No matter what I have said, it has been followed by "but", or some kind
of whining or protest. This is followed by some kind of argument
twisting everything up. Basic simple reality is no longer acceptable or
is considered to be some sort of intellectually intolerable
oversimplification that in many cases produces some sort of absurd guilt
if accepted.

Under the Politically Correct doctrine that rationality is an arbitrary
and punitive artifact of western civilization, psychotic ramblings and
the most infantile rebelliousness are further qualified as genius.

Mental illness is being improperly defined as intellect. Moreover,
absence of a demanded refutation for incoherent disorder is interpreted
as license to put whatever that disorder is advocating into practice.
There has developed an extensive pool of what is incorrectly labeled
intellectuality that supports reality disorders, borderline disorders,
psychopathic deviance, and so forth.

Many of the people who engage in this operate under the romantic and
self-flattering conception that they are "challenging ideas" or
"challenging middle class complacency" or something similar. In fact,
they are not challenging anything and are not capable of challenging
anything. There may be challenge in the sense of aggravation, but this
is not the same as challenging intellectual content. The content of
intellectual challenge is the same as that found when arguing with the
denial of an alcoholic or a pothead as to whether they are alcoholics or
potheads and should seek help--or are destroying their, and your, lives.

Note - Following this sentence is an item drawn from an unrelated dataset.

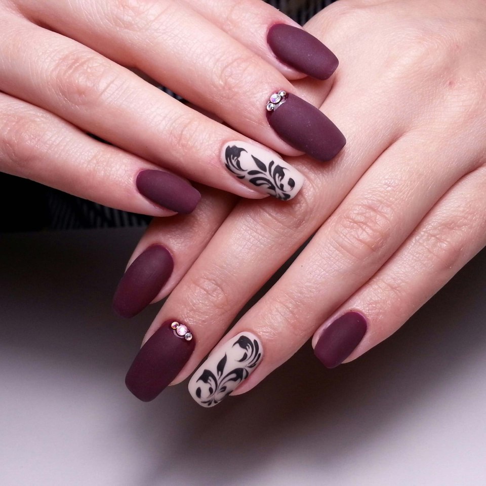 Красивый матовый маникюр с дизайном (64 фото)

The convoluted argument with them can go on for days without your
winning a single point. At the end of that time he or she has verbally
rejected every fact. The reality is that he or she is still an alcoholic
or a pothead.

A bumper sticker states one of the world's most profound psychological
truths. The sticker says, "You can't argue with a sick mind." This is a
simple truth. But the rules of debate in front of an audience with the
mentality of the Phil Donahue fan club are not the same as the rules of
real life. The best way to win a debate before irrational or mentally
deficient people is to argue from a point of such irrationality that
there is no way any opposition can even begin to make a refutation
regardless of the validity of their position. The only thing they can do
is stammer. This was found out very quickly by the countercultural
subculture during the Sixties and Seventies. They established psychotic
levels of denial and irrationality as acceptable methods of immobilizing
opposition.

Psychotic Thinking Has Become Conventional Wisdom

It is today routine to hear levels of disordered thinking which would
have been labeled psychotic forty-five years ago. This disordered
thinking has underwritten the drug problems, the sexuality problems, the
illegitimacy problems, the AIDS problems, the family dissolution
problems, and the broad range of social, educational and economic
difficulties in this country. It has furthermore created a political
instability and made the nation nearly impossible to govern.

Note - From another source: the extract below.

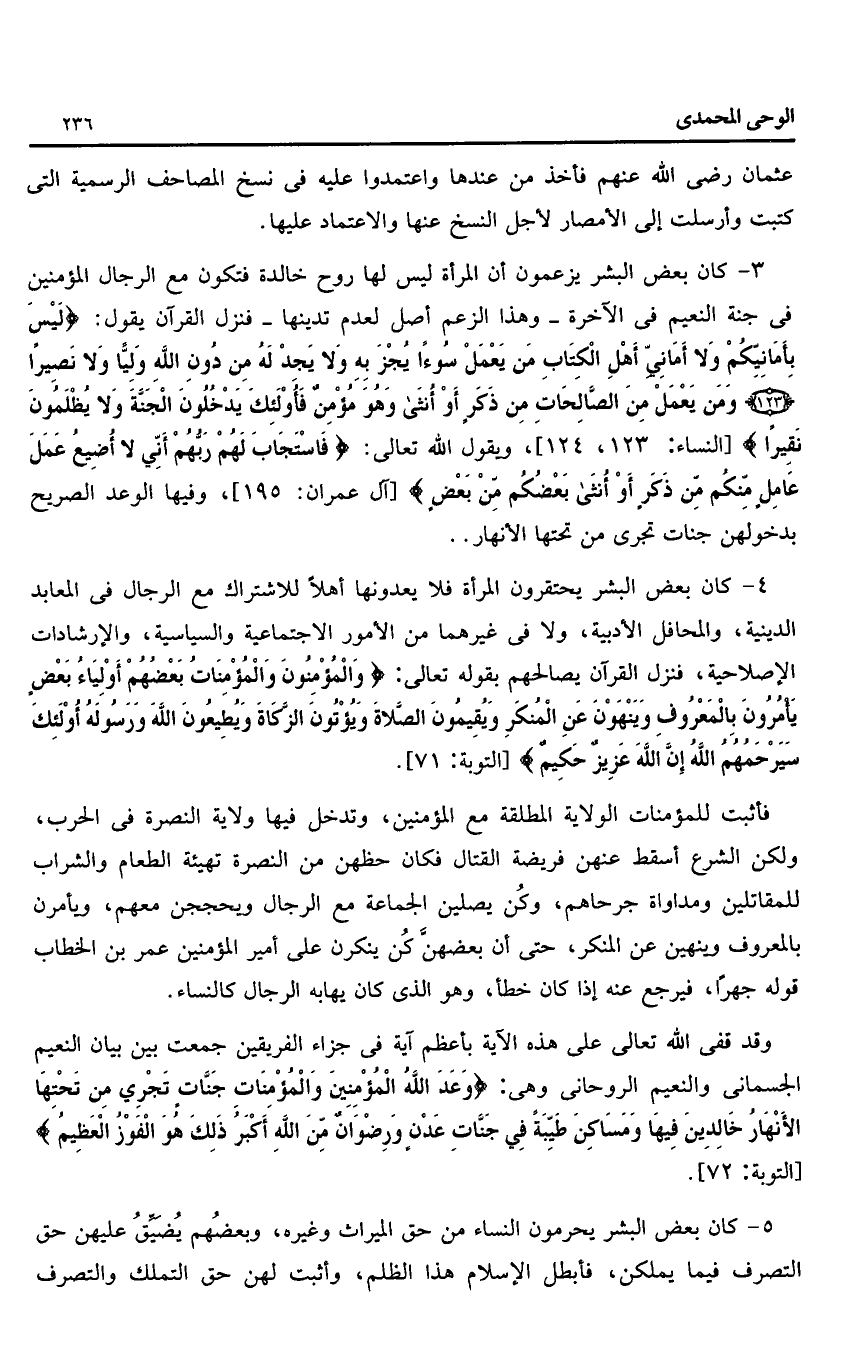 4 - كان بعض البشر يحتقرون المرأة فلا يعدونها أهلا للاشتراك مع الرجال فى المعابد الدينية، والمحافل الأدبية، ولا فى غيرهما من الأمور الاجتماعية والسياسية، والإرشادات الإصلاحية، فنزل القرآن يصالحهم بقوله تعالى: وَالْمُؤْمِنُونَ وَالْمُؤْمِناتُ بَعْضُهُمْ أَوْلِياءُ بَعْضٍ يَأْمُرُونَ بِالْمَعْرُوفِ وَيَنْهَوْنَ عَنِ الْمُنْكَرِ وَيُقِيمُونَ الصَّلاةَ وَيُؤْتُونَ الزَّكاةَ وَيُطِيعُونَ اللَّهَ وَرَسُولَهُ أُولئِكَ سَيَرْحَمُهُمُ اللَّهُ إِنَّ اللَّهَ عَزِيزٌ حَكِيمٌ [التوبة: 71].

The catastrophic consequences of drugs, of irrational narcissistic
sexuality, of irrational educational programs and all the rest are as
objectively observable as the red pen I hold in my hand. However I,
personally, have not won agreement from the proponents on any of the
issues in thirty-five years. I've been correct in my observations and
predictions for thirty-five years. But, observable basic reality does
not make a dent in countering the psychotic arguments underwriting the
chaotic consequences which are occurring. No matter how airtight the
refutation, the talk continues. No matter how inane the talk, the issue
is still considered unresolved. Capacity to continue speaking has become
looked upon as a form of refutation of absolute real-world evidence.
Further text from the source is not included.